==== THE DATA ====

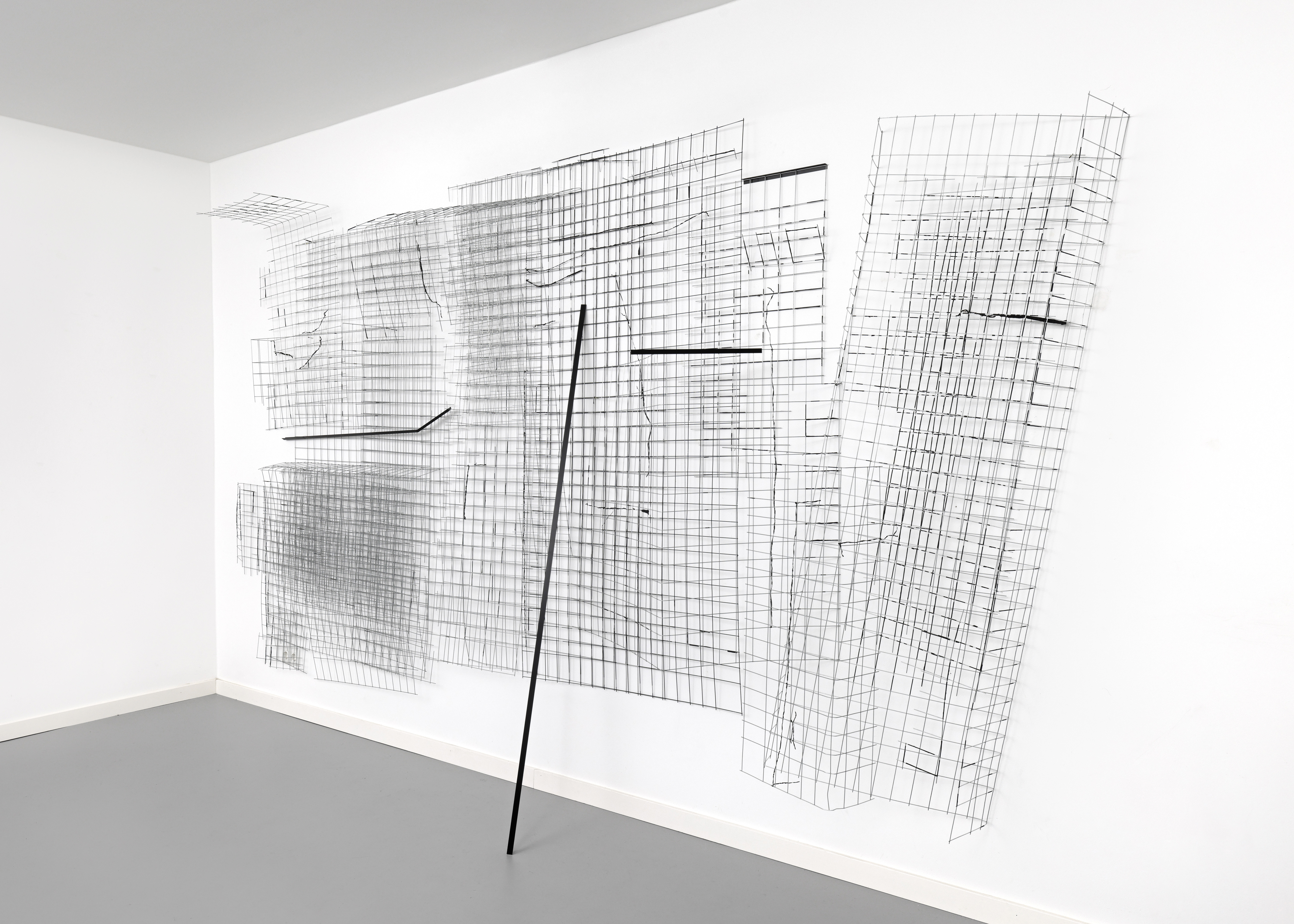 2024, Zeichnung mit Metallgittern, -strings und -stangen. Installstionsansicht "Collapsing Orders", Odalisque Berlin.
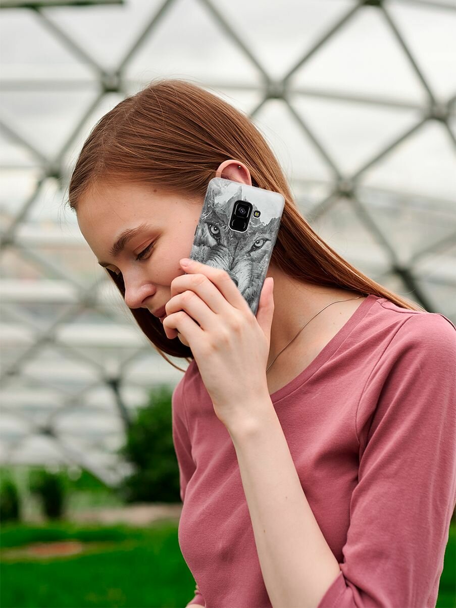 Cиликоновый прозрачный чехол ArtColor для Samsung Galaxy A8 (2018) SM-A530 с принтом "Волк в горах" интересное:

====
==== THE DATA ====

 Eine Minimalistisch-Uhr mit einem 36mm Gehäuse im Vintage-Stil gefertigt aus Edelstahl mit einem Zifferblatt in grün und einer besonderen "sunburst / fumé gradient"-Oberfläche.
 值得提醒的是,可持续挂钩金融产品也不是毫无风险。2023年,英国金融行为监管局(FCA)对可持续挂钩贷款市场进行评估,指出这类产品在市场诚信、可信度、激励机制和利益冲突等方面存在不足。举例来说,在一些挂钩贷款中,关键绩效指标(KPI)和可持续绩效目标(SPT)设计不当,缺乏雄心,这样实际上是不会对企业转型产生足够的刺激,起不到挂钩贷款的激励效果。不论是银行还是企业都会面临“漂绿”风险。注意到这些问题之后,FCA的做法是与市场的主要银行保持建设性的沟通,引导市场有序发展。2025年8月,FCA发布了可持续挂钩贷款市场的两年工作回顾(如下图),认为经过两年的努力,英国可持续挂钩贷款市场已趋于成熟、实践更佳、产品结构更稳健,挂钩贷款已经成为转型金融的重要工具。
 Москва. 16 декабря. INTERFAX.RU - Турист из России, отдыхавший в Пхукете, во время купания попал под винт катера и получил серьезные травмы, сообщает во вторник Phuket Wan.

====
==== THE DATA ====

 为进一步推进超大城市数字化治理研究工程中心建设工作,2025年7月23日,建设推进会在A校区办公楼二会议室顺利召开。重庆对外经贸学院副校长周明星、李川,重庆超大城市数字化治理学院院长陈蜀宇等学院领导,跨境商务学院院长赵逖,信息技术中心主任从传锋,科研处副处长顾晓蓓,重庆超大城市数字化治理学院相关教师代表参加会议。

====

WHAT IS EXPECTED: Please give back exactly the lines of this listing beginning at the line with "值得提醒的是,可持续挂钩金融" and ending with the line with "Москва. 16 декабря.", both included, and nothing else.

RESULT FOR THIS EXERCISE:
 值得提醒的是,可持续挂钩金融产品也不是毫无风险。2023年,英国金融行为监管局(FCA)对可持续挂钩贷款市场进行评估,指出这类产品在市场诚信、可信度、激励机制和利益冲突等方面存在不足。举例来说,在一些挂钩贷款中,关键绩效指标(KPI)和可持续绩效目标(SPT)设计不当,缺乏雄心,这样实际上是不会对企业转型产生足够的刺激,起不到挂钩贷款的激励效果。不论是银行还是企业都会面临“漂绿”风险。注意到这些问题之后,FCA的做法是与市场的主要银行保持建设性的沟通,引导市场有序发展。2025年8月,FCA发布了可持续挂钩贷款市场的两年工作回顾(如下图),认为经过两年的努力,英国可持续挂钩贷款市场已趋于成熟、实践更佳、产品结构更稳健,挂钩贷款已经成为转型金融的重要工具。
 Москва. 16 декабря. INTERFAX.RU - Турист из России, отдыхавший в Пхукете, во время купания попал под винт катера и получил серьезные травмы, сообщает во вторник Phuket Wan.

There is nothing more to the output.